The simple Caesar cipher is not good enough for real secret communications. There are stronger schemes that have so many possible keys that even a super-computer cannot try them all in a reasonable amount of time and which don’t allow frequency analysis to be done. One widely used scheme is the Advanced Encryption Standard (AES). This can actually be used in Pyhton with the cryptography package, which can be installed as we discussed in Chapter 7.

One other interesting problem in cryptography is: how do we communicate keys with the people we want to communicate with? One way would be to communicate the key ahead of time. This is what Caesar’s generals did, and was also done in World War 2 with the German Enigma machine. Those decrypting the secret messages had a book of keys and had a system of knowing when to use each key.

However this is sort of a hassle. If you want to do online banking, you don’t want to meet with your bank and decide upon a secret key to use ahead of time. Also, having the keys in a book or written down somewhere is not very secure. If someone steals the book, you’re done.

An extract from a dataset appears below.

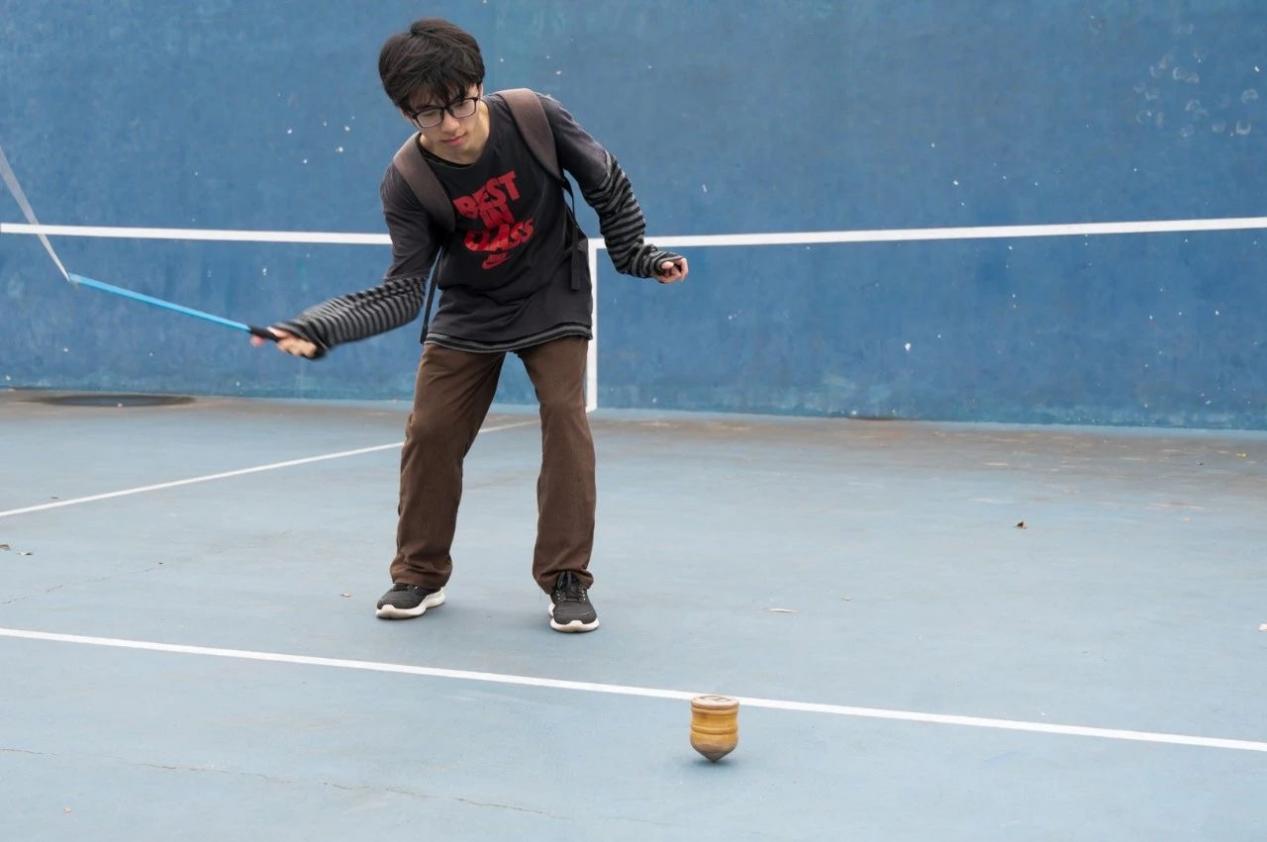 打陀螺比赛上,参赛队员将皮筋缠好陀螺,手臂一挥,陀螺随即旋转,每一次为陀螺加速而进行的挥鞭,都会与大地接触,谱写响亮的乐章。

Instead, modern cryptography uses asymmetric keys. Symmetric cryptography (like the Caesar cipher and AES) uses the same key for encryption and decryption. Asymmetric cryptography uses different keys to do the encryption and the decryption.

In this system there is a public key and a private key. The public key can be known by anybody, but the private key should be kept safe. The keys are linked together mathematically in some way.

The first widely used such system was called RSA and was named after its three developers Rivest, Shamir, and Adleman. It is based on prime and composite numbers. The private key is essentially two very large prime numbers. The public key is the product of those two numbers. If you know the private key, getting the public key is easy, you just multiply. However there is no easy way to know the factors of a huge number besides just trying all of them.

When we want to encrypt something, we use the public key. When doing this, the public key can’t decrypt it, only the private key can. We then send the encrypted message to the recipient who can use their private key to decrypt it. This solves the problem of sharing keys. We can give anyone our public key so they can encrypt messages for us. Then only we can read them with our private key.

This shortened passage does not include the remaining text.